**Required action**
Reproduce the records below in full and word for word, excluding pictures.

======== Material for this exercise ========

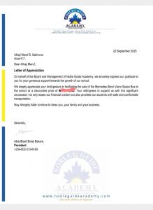 This follows Alhaji Salimonu’s recent donation of a school bus to Medinatul-Irfan Academy in Okene, Kogi State, showcasing his commitment to supporting education.
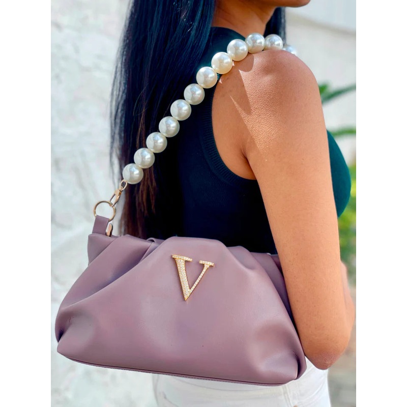 The Alphabeto Rouched BagLilac is every girls dream come true! Perfectly sized to fit all your essentials, with detachable pearl, this bespoke bag is everything you’ve been waiting for. Wear it like a purse or a clutch, this versatile bag is all you need to make a statement!
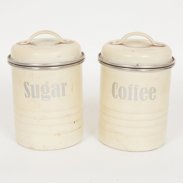 • DIVERSOS, dois (2) recipientes para acondicionar café e açúcar, confeccionados em folha de flandres, marcaTYPHOON, ligeiros sinais de oxidação na base, medindo 16 cm altura e 10 cm diâmetro, sinais de uso, vide foto.
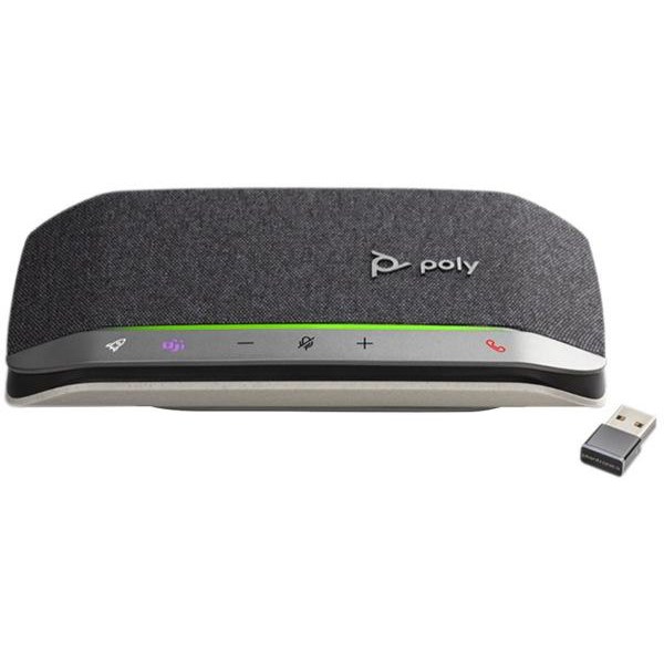 The Poly Sync 20+ CL5400 USB-C Smart Speakerphone is slim and portable, ideal for listening to music and for meetings on the go. For use with PC or smartphone, it features a Microsoft Teams button and comes with a BT600 Bluetooth adapter. It reduces echo and background noise so you can enjoy remarkable sound and professional audio even in busy environments. With up to 20 hours of talk time, this speakerphone lasts all day and includes a USB-A port for smartphone charging so you can stay connected.
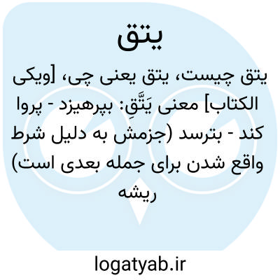 [ویکی الکتاب] معنی یَتَّقِ: بپرهیزد - پروا کند - بترسد (جزمش به دلیل شرط واقع شدن برای جمله بعدی است)
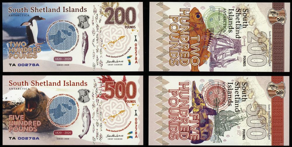 | Opis: | Antarktyda - Szetlandy Południowe, zestaw 6 banknotów, 2020, 5, 10, 50, 100, 200 i 500 dolarów, fauna arktyczna |
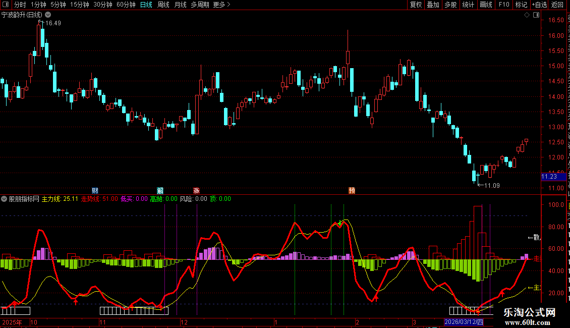 这款副图在配合我昨天发的主图那就是买卖神器我说的主图就是图片上的主图,希望大家不要错过这款好指标,使用方法:走势线上穿主力线为买点,买点和卖点都有箭头提示,绿色的竖杠线也是高抛线 如果说走势线穿越主力线走势完美的话出现了绿色竖杠高抛线也可以拿着不需要立马卖,如果两根线出现拐头向下又出现横杠绿线那就可以先抛了,大家多多研究,时间的关系就不多说了,这款副图放到手机上用感觉更舒服更细腻,电脑上用也很好
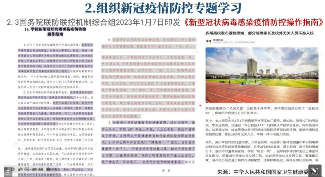 2月4日-5日,各班组织召开开学前安全主题班会,班主任在会上详细宣讲了返校报到的具体条件和流程,强调先申请后到校,非批准不返校;然后,班主任们组织员工重点学习了国务院联防联控机制综合组2023年1月7日印发的《新型冠状病毒感染疫情防控操作指南》,强调学校疫情防控要求,提升员工健康安全责任意识;最后对返校后的开学考试纪律要求及学习生活也进行了提示。
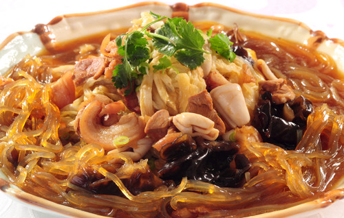 16. 加入泡软的干粉皮。
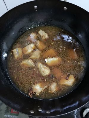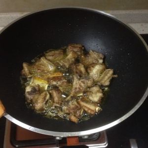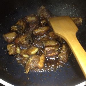 排骨渐黄时滴入酱油上色,两勺醋,料酒适量,盖上锅盖大火闷
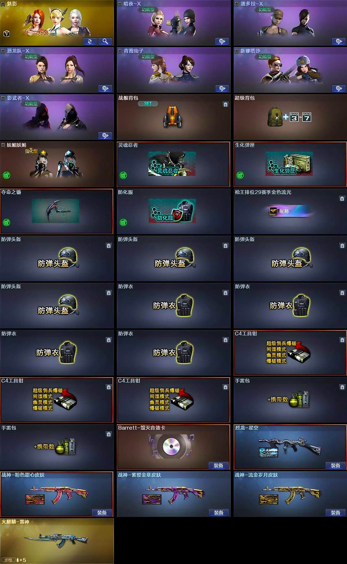 江苏一区-27v-3王者-1炫金 【热门武器】:q03-金色蔷薇,死亡之眼,汤姆逊-烈龙2,沙鹰-修罗 【王者炫金武器】:炫金天龙 【音效卡】:barrett-毁灭音效卡 【皮肤】:烈龙-星空,火麒麟-雷神,战神-粉色甜心皮肤,战神-紫绶金章皮肤,战神-流金岁月皮肤 【角色】:魅影,暗夜-x,潘多拉-x,潜龙队-x,青霞仙子,新娜塔莎,影武者-x 【人偶武器】:迷你深渊冰龙,闪光丹-小乔

========

**Response area**
 This follows Alhaji Salimonu’s recent donation of a school bus to Medinatul-Irfan Academy in Okene, Kogi State, showcasing his commitment to supporting education.
 The Alphabeto Rouched BagLilac is every girls dream come true! Perfectly sized to fit all your essentials, with detachable pearl, this bespoke bag is everything you’ve been waiting for. Wear it like a purse or a clutch, this versatile bag is all you need to make a statement!
 • DIVERSOS, dois (2) recipientes para acondicionar café e açúcar, confeccionados em folha de flandres, marcaTYPHOON, ligeiros sinais de oxidação na base, medindo 16 cm altura e 10 cm diâmetro, sinais de uso, vide foto.
 The Poly Sync 20+ CL5400 USB-C Smart Speakerphone is slim and portable, ideal for listening to music and for meetings on the go. For use with PC or smartphone, it features a Microsoft Teams button and comes with a BT600 Bluetooth adapter. It reduces echo and background noise so you can enjoy remarkable sound and professional audio even in busy environments. With up to 20 hours of talk time, this speakerphone lasts all day and includes a USB-A port for smartphone charging so you can stay connected.
 [ویکی الکتاب] معنی یَتَّقِ: بپرهیزد - پروا کند - بترسد (جزمش به دلیل شرط واقع شدن برای جمله بعدی است)
 | Opis: | Antarktyda - Szetlandy Południowe, zestaw 6 banknotów, 2020, 5, 10, 50, 100, 200 i 500 dolarów, fauna arktyczna |
 这款副图在配合我昨天发的主图那就是买卖神器我说的主图就是图片上的主图,希望大家不要错过这款好指标,使用方法:走势线上穿主力线为买点,买点和卖点都有箭头提示,绿色的竖杠线也是高抛线 如果说走势线穿越主力线走势完美的话出现了绿色竖杠高抛线也可以拿着不需要立马卖,如果两根线出现拐头向下又出现横杠绿线那就可以先抛了,大家多多研究,时间的关系就不多说了,这款副图放到手机上用感觉更舒服更细腻,电脑上用也很好
 2月4日-5日,各班组织召开开学前安全主题班会,班主任在会上详细宣讲了返校报到的具体条件和流程,强调先申请后到校,非批准不返校;然后,班主任们组织员工重点学习了国务院联防联控机制综合组2023年1月7日印发的《新型冠状病毒感染疫情防控操作指南》,强调学校疫情防控要求,提升员工健康安全责任意识;最后对返校后的开学考试纪律要求及学习生活也进行了提示。
 16. 加入泡软的干粉皮。
 排骨渐黄时滴入酱油上色,两勺醋,料酒适量,盖上锅盖大火闷
 江苏一区-27v-3王者-1炫金 【热门武器】:q03-金色蔷薇,死亡之眼,汤姆逊-烈龙2,沙鹰-修罗 【王者炫金武器】:炫金天龙 【音效卡】:barrett-毁灭音效卡 【皮肤】:烈龙-星空,火麒麟-雷神,战神-粉色甜心皮肤,战神-紫绶金章皮肤,战神-流金岁月皮肤 【角色】:魅影,暗夜-x,潘多拉-x,潜龙队-x,青霞仙子,新娜塔莎,影武者-x 【人偶武器】:迷你深渊冰龙,闪光丹-小乔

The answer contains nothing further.